> [Task brief]
Output every line below exactly.

> [Collected data]
-- Opening Marker --
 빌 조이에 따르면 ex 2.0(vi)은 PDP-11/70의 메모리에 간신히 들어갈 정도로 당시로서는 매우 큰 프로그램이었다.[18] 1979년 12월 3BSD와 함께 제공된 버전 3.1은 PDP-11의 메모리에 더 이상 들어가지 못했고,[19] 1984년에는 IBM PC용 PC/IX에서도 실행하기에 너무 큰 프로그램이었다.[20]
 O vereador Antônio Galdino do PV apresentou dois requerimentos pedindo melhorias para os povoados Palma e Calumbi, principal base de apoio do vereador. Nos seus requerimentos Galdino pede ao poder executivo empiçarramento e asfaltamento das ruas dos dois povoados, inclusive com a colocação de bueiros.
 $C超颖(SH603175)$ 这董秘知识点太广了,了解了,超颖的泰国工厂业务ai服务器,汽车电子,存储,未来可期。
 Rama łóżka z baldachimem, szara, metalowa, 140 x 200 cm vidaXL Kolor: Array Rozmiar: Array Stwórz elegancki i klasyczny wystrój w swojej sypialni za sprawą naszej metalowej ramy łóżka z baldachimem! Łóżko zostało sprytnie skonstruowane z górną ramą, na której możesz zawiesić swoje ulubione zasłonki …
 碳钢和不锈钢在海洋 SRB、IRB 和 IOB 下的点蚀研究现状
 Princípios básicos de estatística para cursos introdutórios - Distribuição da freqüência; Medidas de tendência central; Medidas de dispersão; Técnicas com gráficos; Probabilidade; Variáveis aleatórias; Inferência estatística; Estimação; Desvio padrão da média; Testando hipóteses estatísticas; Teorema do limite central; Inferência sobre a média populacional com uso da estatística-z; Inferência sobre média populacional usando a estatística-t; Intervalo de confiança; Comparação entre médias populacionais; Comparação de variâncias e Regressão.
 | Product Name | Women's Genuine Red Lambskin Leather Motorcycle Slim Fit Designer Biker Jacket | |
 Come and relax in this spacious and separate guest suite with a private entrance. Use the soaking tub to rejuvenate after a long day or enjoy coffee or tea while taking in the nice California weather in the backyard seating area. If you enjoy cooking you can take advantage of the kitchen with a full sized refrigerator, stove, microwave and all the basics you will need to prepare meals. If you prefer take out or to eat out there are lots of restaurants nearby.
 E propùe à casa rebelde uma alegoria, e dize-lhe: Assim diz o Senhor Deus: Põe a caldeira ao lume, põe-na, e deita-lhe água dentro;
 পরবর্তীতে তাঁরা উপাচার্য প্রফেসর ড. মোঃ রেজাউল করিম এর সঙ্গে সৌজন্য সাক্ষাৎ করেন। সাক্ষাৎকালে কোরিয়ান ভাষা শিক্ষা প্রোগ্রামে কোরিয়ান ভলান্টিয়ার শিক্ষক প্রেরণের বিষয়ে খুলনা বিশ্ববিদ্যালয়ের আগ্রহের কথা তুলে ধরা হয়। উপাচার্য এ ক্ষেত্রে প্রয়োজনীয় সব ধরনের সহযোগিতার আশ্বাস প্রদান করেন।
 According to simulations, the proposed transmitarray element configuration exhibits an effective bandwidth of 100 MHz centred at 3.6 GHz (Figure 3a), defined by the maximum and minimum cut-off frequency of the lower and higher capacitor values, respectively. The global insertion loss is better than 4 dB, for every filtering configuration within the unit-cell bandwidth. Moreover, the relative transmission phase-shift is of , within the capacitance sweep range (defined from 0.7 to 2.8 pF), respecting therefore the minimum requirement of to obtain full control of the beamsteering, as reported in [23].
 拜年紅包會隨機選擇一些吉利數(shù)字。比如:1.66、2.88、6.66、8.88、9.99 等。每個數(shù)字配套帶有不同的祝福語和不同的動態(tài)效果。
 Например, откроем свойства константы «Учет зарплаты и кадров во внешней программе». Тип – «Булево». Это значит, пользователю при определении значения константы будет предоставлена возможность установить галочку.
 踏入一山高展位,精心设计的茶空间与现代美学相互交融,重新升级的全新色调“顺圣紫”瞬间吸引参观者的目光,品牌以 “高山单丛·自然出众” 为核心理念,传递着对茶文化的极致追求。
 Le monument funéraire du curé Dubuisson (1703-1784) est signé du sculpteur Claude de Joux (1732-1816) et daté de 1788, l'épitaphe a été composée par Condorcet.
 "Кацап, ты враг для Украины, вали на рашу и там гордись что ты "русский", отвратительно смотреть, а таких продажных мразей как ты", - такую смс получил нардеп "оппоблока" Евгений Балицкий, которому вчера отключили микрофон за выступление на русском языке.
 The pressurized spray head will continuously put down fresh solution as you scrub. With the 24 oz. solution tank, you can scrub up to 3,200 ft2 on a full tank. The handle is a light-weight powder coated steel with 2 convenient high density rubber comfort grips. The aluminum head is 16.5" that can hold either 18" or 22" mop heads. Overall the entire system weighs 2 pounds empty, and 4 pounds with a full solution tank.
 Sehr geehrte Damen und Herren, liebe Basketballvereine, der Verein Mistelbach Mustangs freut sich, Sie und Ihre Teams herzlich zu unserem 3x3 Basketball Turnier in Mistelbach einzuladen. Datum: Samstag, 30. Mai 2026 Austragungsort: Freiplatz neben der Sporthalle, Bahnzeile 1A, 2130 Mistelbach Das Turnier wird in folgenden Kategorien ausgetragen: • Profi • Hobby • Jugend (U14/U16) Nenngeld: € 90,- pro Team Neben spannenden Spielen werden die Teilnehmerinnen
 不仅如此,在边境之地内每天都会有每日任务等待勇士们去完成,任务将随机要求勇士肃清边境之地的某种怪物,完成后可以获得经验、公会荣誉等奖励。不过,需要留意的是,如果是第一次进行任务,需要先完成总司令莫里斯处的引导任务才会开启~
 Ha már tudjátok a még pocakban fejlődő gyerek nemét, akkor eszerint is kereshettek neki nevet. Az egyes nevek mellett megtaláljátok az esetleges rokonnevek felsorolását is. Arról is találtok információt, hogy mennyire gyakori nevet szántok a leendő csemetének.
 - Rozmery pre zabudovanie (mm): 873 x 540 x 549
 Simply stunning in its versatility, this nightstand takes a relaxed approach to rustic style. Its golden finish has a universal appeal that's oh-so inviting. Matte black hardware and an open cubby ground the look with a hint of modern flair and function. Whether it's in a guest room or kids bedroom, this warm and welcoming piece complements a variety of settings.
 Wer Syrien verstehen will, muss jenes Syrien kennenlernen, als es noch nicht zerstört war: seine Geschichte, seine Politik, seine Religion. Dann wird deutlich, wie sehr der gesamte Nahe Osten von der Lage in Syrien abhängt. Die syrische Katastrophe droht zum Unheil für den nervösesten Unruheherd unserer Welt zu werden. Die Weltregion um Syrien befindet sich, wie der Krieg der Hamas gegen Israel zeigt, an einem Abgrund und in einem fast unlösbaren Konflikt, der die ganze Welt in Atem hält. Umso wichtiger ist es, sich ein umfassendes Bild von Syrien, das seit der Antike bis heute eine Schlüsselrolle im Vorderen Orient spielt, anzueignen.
-- Closing Marker --
> [Problem solution]
 빌 조이에 따르면 ex 2.0(vi)은 PDP-11/70의 메모리에 간신히 들어갈 정도로 당시로서는 매우 큰 프로그램이었다.[18] 1979년 12월 3BSD와 함께 제공된 버전 3.1은 PDP-11의 메모리에 더 이상 들어가지 못했고,[19] 1984년에는 IBM PC용 PC/IX에서도 실행하기에 너무 큰 프로그램이었다.[20]
 O vereador Antônio Galdino do PV apresentou dois requerimentos pedindo melhorias para os povoados Palma e Calumbi, principal base de apoio do vereador. Nos seus requerimentos Galdino pede ao poder executivo empiçarramento e asfaltamento das ruas dos dois povoados, inclusive com a colocação de bueiros.
 $C超颖(SH603175)$ 这董秘知识点太广了,了解了,超颖的泰国工厂业务ai服务器,汽车电子,存储,未来可期。
 Rama łóżka z baldachimem, szara, metalowa, 140 x 200 cm vidaXL Kolor: Array Rozmiar: Array Stwórz elegancki i klasyczny wystrój w swojej sypialni za sprawą naszej metalowej ramy łóżka z baldachimem! Łóżko zostało sprytnie skonstruowane z górną ramą, na której możesz zawiesić swoje ulubione zasłonki …
 碳钢和不锈钢在海洋 SRB、IRB 和 IOB 下的点蚀研究现状
 Princípios básicos de estatística para cursos introdutórios - Distribuição da freqüência; Medidas de tendência central; Medidas de dispersão; Técnicas com gráficos; Probabilidade; Variáveis aleatórias; Inferência estatística; Estimação; Desvio padrão da média; Testando hipóteses estatísticas; Teorema do limite central; Inferência sobre a média populacional com uso da estatística-z; Inferência sobre média populacional usando a estatística-t; Intervalo de confiança; Comparação entre médias populacionais; Comparação de variâncias e Regressão.
 | Product Name | Women's Genuine Red Lambskin Leather Motorcycle Slim Fit Designer Biker Jacket | |
 Come and relax in this spacious and separate guest suite with a private entrance. Use the soaking tub to rejuvenate after a long day or enjoy coffee or tea while taking in the nice California weather in the backyard seating area. If you enjoy cooking you can take advantage of the kitchen with a full sized refrigerator, stove, microwave and all the basics you will need to prepare meals. If you prefer take out or to eat out there are lots of restaurants nearby.
 E propùe à casa rebelde uma alegoria, e dize-lhe: Assim diz o Senhor Deus: Põe a caldeira ao lume, põe-na, e deita-lhe água dentro;
 পরবর্তীতে তাঁরা উপাচার্য প্রফেসর ড. মোঃ রেজাউল করিম এর সঙ্গে সৌজন্য সাক্ষাৎ করেন। সাক্ষাৎকালে কোরিয়ান ভাষা শিক্ষা প্রোগ্রামে কোরিয়ান ভলান্টিয়ার শিক্ষক প্রেরণের বিষয়ে খুলনা বিশ্ববিদ্যালয়ের আগ্রহের কথা তুলে ধরা হয়। উপাচার্য এ ক্ষেত্রে প্রয়োজনীয় সব ধরনের সহযোগিতার আশ্বাস প্রদান করেন।
 According to simulations, the proposed transmitarray element configuration exhibits an effective bandwidth of 100 MHz centred at 3.6 GHz (Figure 3a), defined by the maximum and minimum cut-off frequency of the lower and higher capacitor values, respectively. The global insertion loss is better than 4 dB, for every filtering configuration within the unit-cell bandwidth. Moreover, the relative transmission phase-shift is of , within the capacitance sweep range (defined from 0.7 to 2.8 pF), respecting therefore the minimum requirement of to obtain full control of the beamsteering, as reported in [23].
 拜年紅包會隨機選擇一些吉利數(shù)字。比如:1.66、2.88、6.66、8.88、9.99 等。每個數(shù)字配套帶有不同的祝福語和不同的動態(tài)效果。
 Например, откроем свойства константы «Учет зарплаты и кадров во внешней программе». Тип – «Булево». Это значит, пользователю при определении значения константы будет предоставлена возможность установить галочку.
 踏入一山高展位,精心设计的茶空间与现代美学相互交融,重新升级的全新色调“顺圣紫”瞬间吸引参观者的目光,品牌以 “高山单丛·自然出众” 为核心理念,传递着对茶文化的极致追求。
 Le monument funéraire du curé Dubuisson (1703-1784) est signé du sculpteur Claude de Joux (1732-1816) et daté de 1788, l'épitaphe a été composée par Condorcet.
 "Кацап, ты враг для Украины, вали на рашу и там гордись что ты "русский", отвратительно смотреть, а таких продажных мразей как ты", - такую смс получил нардеп "оппоблока" Евгений Балицкий, которому вчера отключили микрофон за выступление на русском языке.
 The pressurized spray head will continuously put down fresh solution as you scrub. With the 24 oz. solution tank, you can scrub up to 3,200 ft2 on a full tank. The handle is a light-weight powder coated steel with 2 convenient high density rubber comfort grips. The aluminum head is 16.5" that can hold either 18" or 22" mop heads. Overall the entire system weighs 2 pounds empty, and 4 pounds with a full solution tank.
 Sehr geehrte Damen und Herren, liebe Basketballvereine, der Verein Mistelbach Mustangs freut sich, Sie und Ihre Teams herzlich zu unserem 3x3 Basketball Turnier in Mistelbach einzuladen. Datum: Samstag, 30. Mai 2026 Austragungsort: Freiplatz neben der Sporthalle, Bahnzeile 1A, 2130 Mistelbach Das Turnier wird in folgenden Kategorien ausgetragen: • Profi • Hobby • Jugend (U14/U16) Nenngeld: € 90,- pro Team Neben spannenden Spielen werden die Teilnehmerinnen
 不仅如此,在边境之地内每天都会有每日任务等待勇士们去完成,任务将随机要求勇士肃清边境之地的某种怪物,完成后可以获得经验、公会荣誉等奖励。不过,需要留意的是,如果是第一次进行任务,需要先完成总司令莫里斯处的引导任务才会开启~
 Ha már tudjátok a még pocakban fejlődő gyerek nemét, akkor eszerint is kereshettek neki nevet. Az egyes nevek mellett megtaláljátok az esetleges rokonnevek felsorolását is. Arról is találtok információt, hogy mennyire gyakori nevet szántok a leendő csemetének.
 - Rozmery pre zabudovanie (mm): 873 x 540 x 549
 Simply stunning in its versatility, this nightstand takes a relaxed approach to rustic style. Its golden finish has a universal appeal that's oh-so inviting. Matte black hardware and an open cubby ground the look with a hint of modern flair and function. Whether it's in a guest room or kids bedroom, this warm and welcoming piece complements a variety of settings.
 Wer Syrien verstehen will, muss jenes Syrien kennenlernen, als es noch nicht zerstört war: seine Geschichte, seine Politik, seine Religion. Dann wird deutlich, wie sehr der gesamte Nahe Osten von der Lage in Syrien abhängt. Die syrische Katastrophe droht zum Unheil für den nervösesten Unruheherd unserer Welt zu werden. Die Weltregion um Syrien befindet sich, wie der Krieg der Hamas gegen Israel zeigt, an einem Abgrund und in einem fast unlösbaren Konflikt, der die ganze Welt in Atem hält. Umso wichtiger ist es, sich ein umfassendes Bild von Syrien, das seit der Antike bis heute eine Schlüsselrolle im Vorderen Orient spielt, anzueignen.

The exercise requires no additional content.